If a malicious server redirects the initial ref
advertisement, it may be able to leak sha1s from other,
unrelated servers that the client has access to. For
example, imagine that Alice is a git user, she has access to
a private repository on a server hosted by Bob, and Mallory
runs a malicious server and wants to find out about Bob's
private repository.

Mallory asks Alice to clone an unrelated repository from her
over HTTP. When Alice's client contacts Mallory's server for
the initial ref advertisement, the server issues an HTTP
redirect for Bob's server. Alice contacts Bob's server and
gets the ref advertisement for the private repository. If
there is anything to fetch, she then follows up by asking
the server for one or more sha1 objects. But who is the
server?

If it is still Mallory's server, then Alice will leak the
existence of those sha1s to her.

Since commit c93c92f30 (http: update base URLs when we see
redirects, 2013-09-28), the client usually rewrites the base
URL such that all further requests will go to Bob's server.
But this is done by textually matching the URL. If we were
originally looking for "http://mallory/repo.git/info/refs",
and we got pointed at "http://bob/other.git/info/refs", then
we know that the right root is "http://bob/other.git".

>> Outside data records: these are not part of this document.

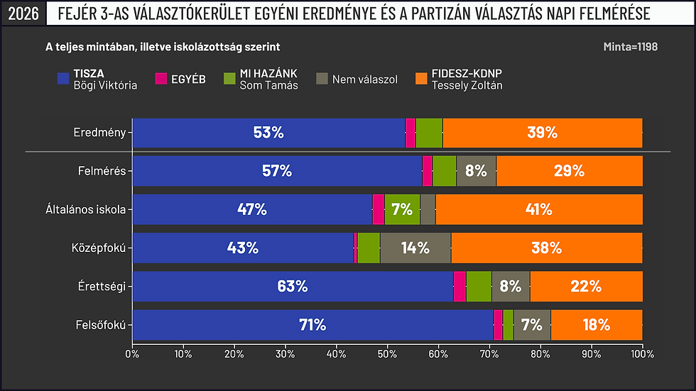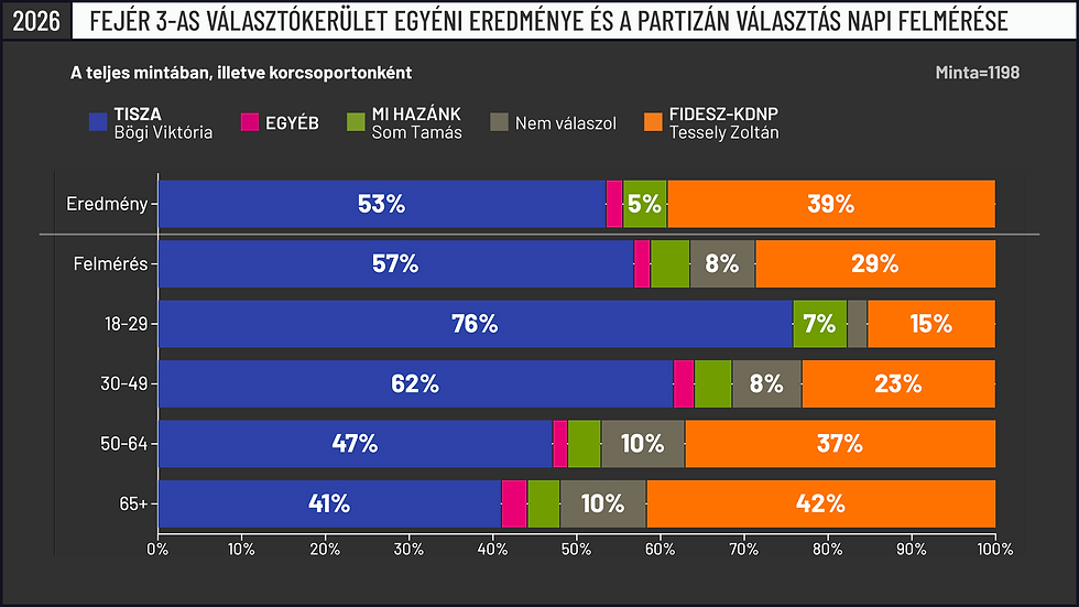 Ebben a Fejér megyei kerületben pedig ismét nagyobb választói szakadékot figyelhetünk meg a generációk között, mint az iskolai végzettség tekintetében, habár a legidősebbek körében itt abszolút versenyben volt Tisza is. A 30 évnél fiatalabbak között azonban a Fidesz bőven 20 százalék alatti támogatottságot szerzett.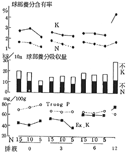 2.排液連用の影響:排液の連用で問題となるK収支をみると、3t連用3年目の球部の吸収量は15㎏(総収量平均6,060㎏/10a)で、排液3t中の量とほぼ等しく、K肥料の節減によって収支相償い、3t以下の施用では土壌蓄積を回避できる。(図2)。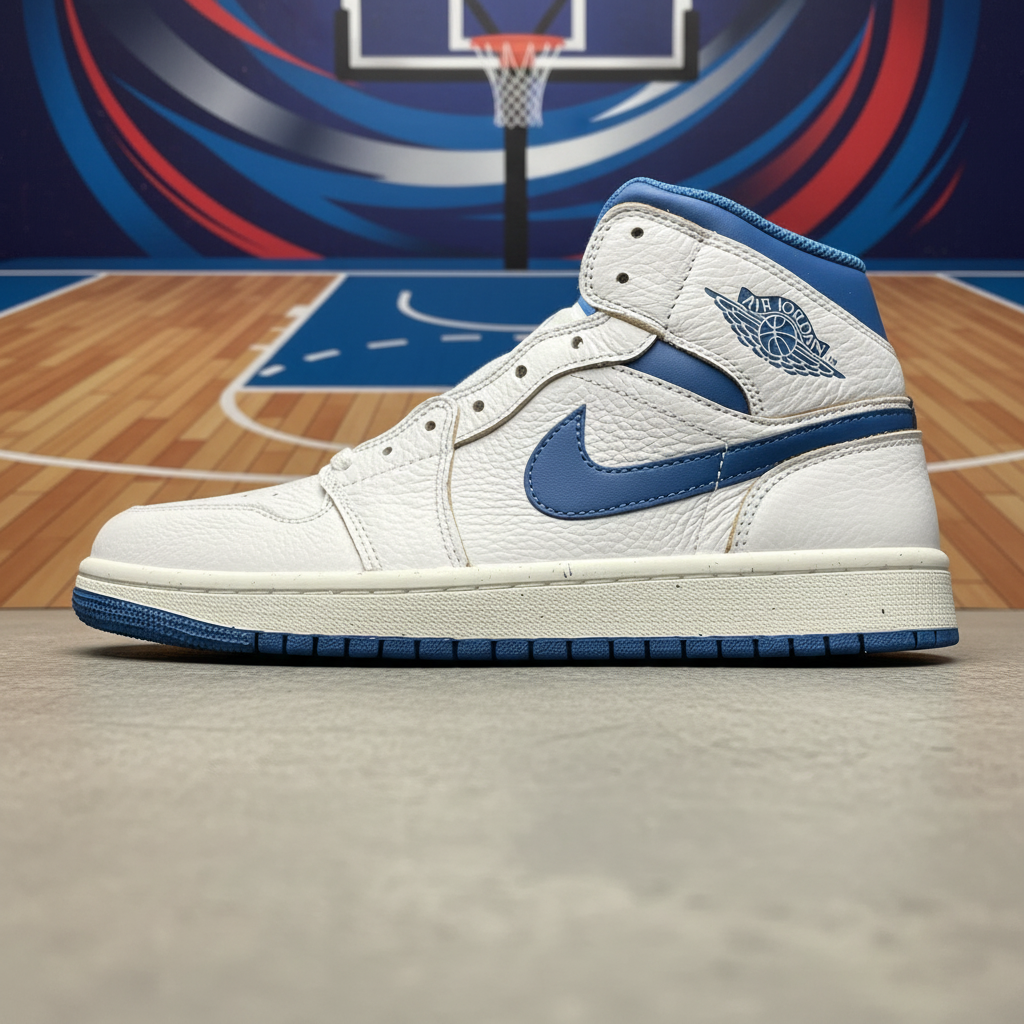 Air Jordan 1 Retro High White Blue Leather Sneakers, iconic basketball shoes with premium materials, cushioned sole, and classic sporty style for streetwear and casual fashion.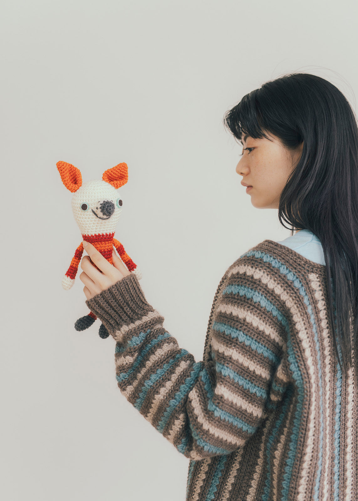 Designed by ChibiRu, Locke is a crocheted Chihuahua made with GENMOU yarn. Its adorable perky ears, round eyes, and upturned mouth make it always look happy. Dress it in your favorite colors!
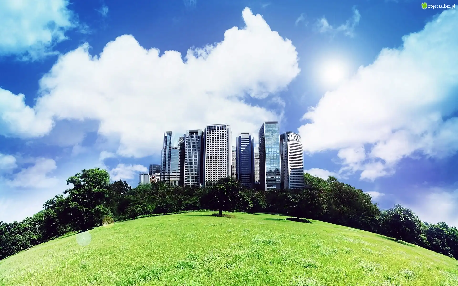 Zdjęcie Wzgórze, Drzewa, Trawnik, Drapacze, Chmur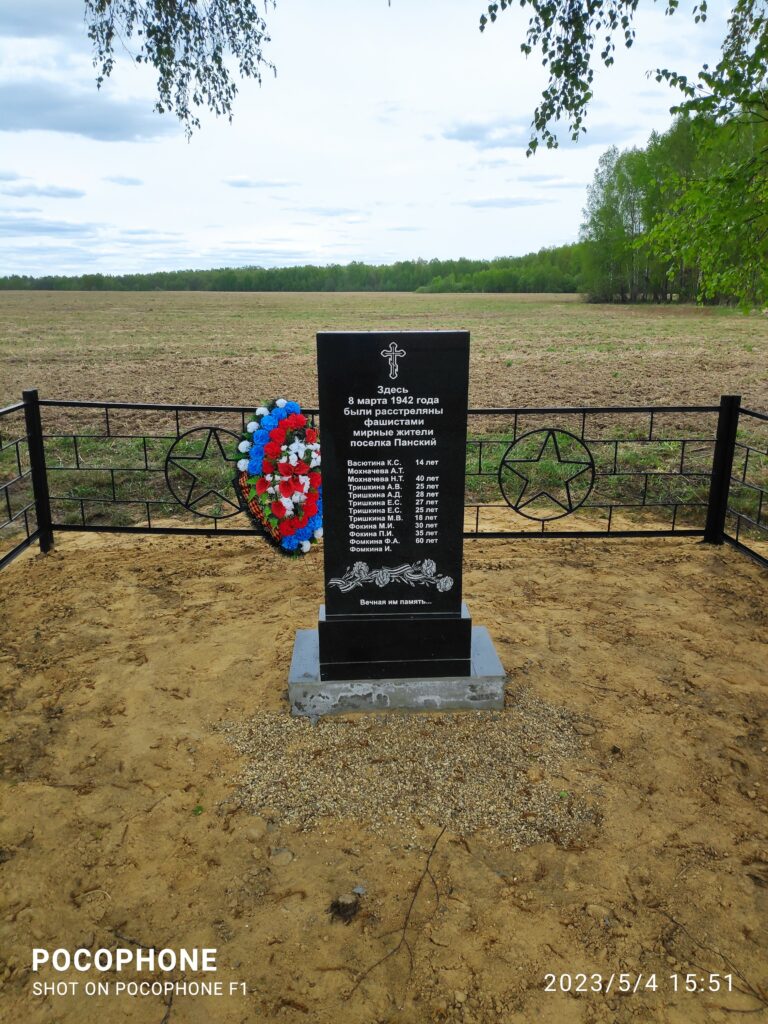 8 марта 1942 года немецкие каратели зверски уничтожили 12 женщин и девочек. Они похоронены в братской могиле у п. Панский.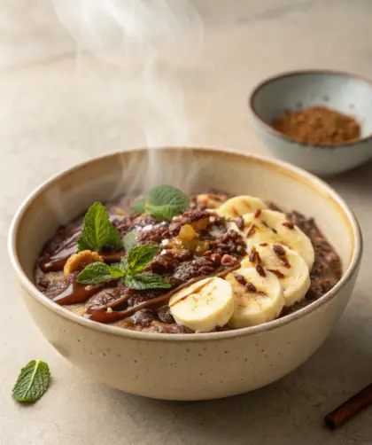 Bowl proteica banana–cacao (leggero) — Introduzione Di quei piccoli momenti in cui la mattina sembra scivolare via tra il profumo della moka e il silenzio …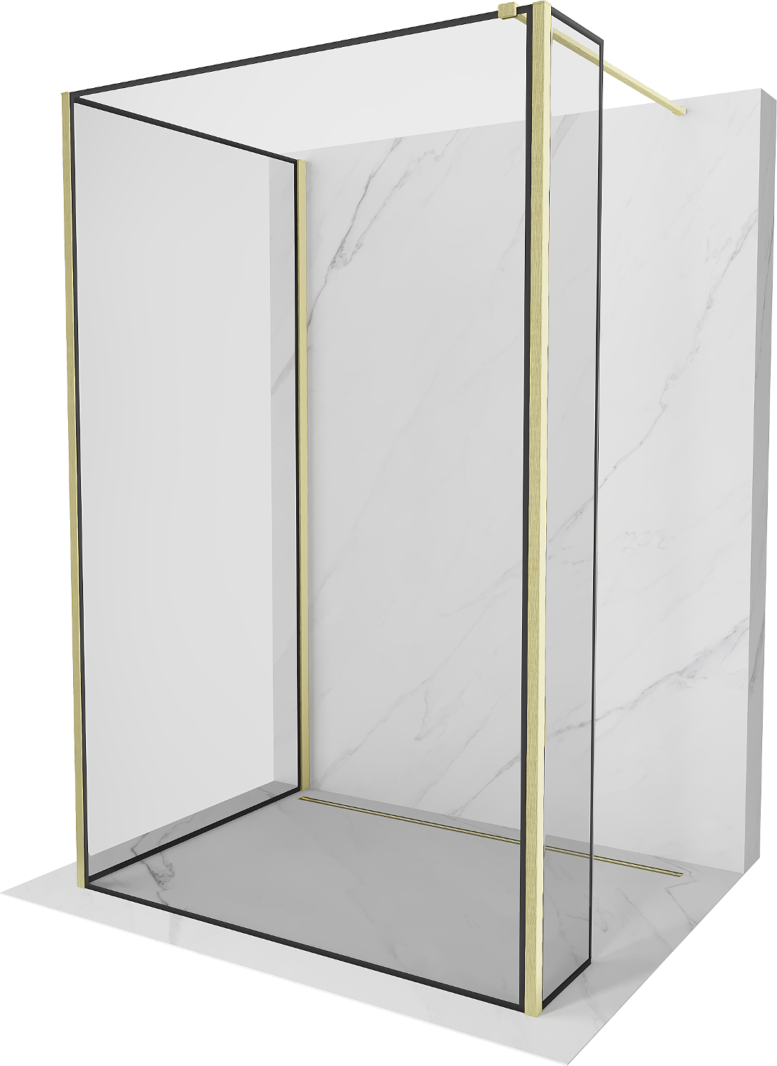 Mexen Kioto perete de duș Walk-in 90 x 90 x 40 cm, ramă neagră, auriu periat - 800-090-090-221-55-70-040

If the redirect appears to change more than just the root,
we punt and continue to use the original server. E.g.,
imagine the redirect adds a URL component that Bob's server
will ignore, like "http://bob/other.git/info/refs?dummy=1".

We can solve this by aborting in this case rather than
silently continuing to use Mallory's server. In addition to
protecting from sha1 leakage, it's arguably safer and more
sane to refuse a confusing redirect like that in general.
For example, part of the motivation in c93c92f30 is
avoiding accidentally sending credentials over clear http,
just to get a response that says "try again over https". So
even in a non-malicious case, we'd prefer to err on the side
of caution.

The downside is that it's possible this will break a
legitimate but complicated server-side redirection scheme.
The setup given in the newly added test does work, but it's
convoluted enough that we don't need to care about it. A
more plausible case would be a server which redirects a
request for "info/refs?service=git-upload-pack" to just
"info/refs" (because it does not do smart HTTP, and for some
reason really dislikes query parameters).  Right now we
would transparently downgrade to dumb-http, but with this
patch, we'd complain (and the user would have to set
GIT_SMART_HTTP=0 to fetch).

Reported-by: Jann Horn <jannh@google.com>
Signed-off-by: Jeff King <peff@peff.net>
---
 http.c                        | 12 ++++++++----
 t/lib-httpd/apache.conf       |  8 ++++++++
 t/t5551-http-fetch-smart.sh   |  4 ++++
 t/t5812-proto-disable-http.sh |  1 +
 4 files changed, 21 insertions(+), 4 deletions(-)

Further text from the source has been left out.